Risk perceptions after human papillomavirus vaccination in HIV-infected adolescents and young adult women

Collaborators, Affiliations
Clinical Trial

Risk perceptions after human papillomavirus vaccination in HIV-infected adolescents and young adult women

Jessica A Kahn et al. J Adolesc Health. 2012 May.

Abstract

Purpose: To examine risk perceptions (perceived risk of human papillomavirus [HPV], perceived risk of other sexually transmitted infections [STIs], and need for safer sexual behaviors) and to determine factors associated with these risk perceptions after HPV vaccination.

Methods: Data were collected at the baseline visit of an HPV-6, -11, -16, -18 vaccine clinical trial in 16-23-year-old HIV-infected young women (N = 99). Immediately after receiving the first vaccine dose, participants completed a confidential questionnaire that included three 5-item scales measuring perceived risk of HPV, perceived risk of other STIs, and need for safer sexual behaviors. Linear and logistic regression models were used to examine associations between baseline characteristics (demographic characteristics; cluster of differentiation antigen 4 (CD4(+)) count; HIV viral load; knowledge about HPV and HPV vaccines; sexual behaviors; and STI diagnosis) and each measure of risk perceptions.

Results: Most participants perceived themselves to be at lower risk for HPV (mean scale score = 19.5/50), most perceived that they were not at lower risk for other STIs (mean = 31.2/50), and the vast majority reported that there was still a need for safer sexual behaviors after vaccination (mean = 43.1/50).
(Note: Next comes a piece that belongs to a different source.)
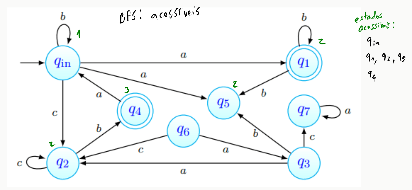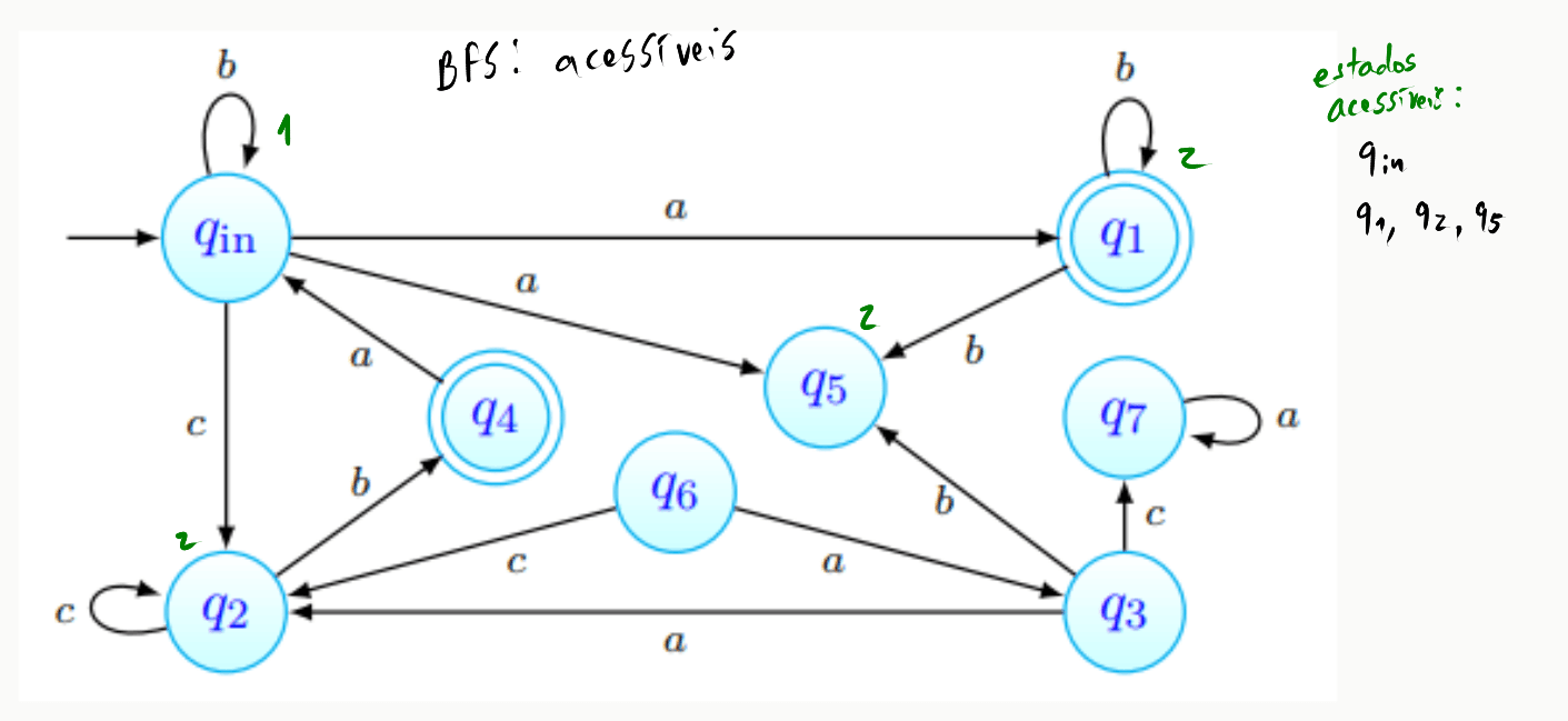 - Numa primeira fase (passos 1 a 3), vamos descobrir quais são os estados acessíveis. Intuitivamente, podemos fazer isto começando em e fazendo uma procura (BFS) no grafo do AFD. À medida que o fazemos, colocamos esses estados no conjunto de estados acessíveis;

Multivariate analyses indicated that knowledge about HPV and HPV vaccines was associated with perceived need for safer sexual behaviors (OR = 1.05, 95% CI = 1.0-1.1).

Conclusions: Although almost all young women in this study believed that safer sexual behaviors were still important after HPV vaccination, a subset believed they were at less risk for STIs other than HPV. Educational interventions are needed to prevent misperceptions and promote healthy behaviors after vaccination.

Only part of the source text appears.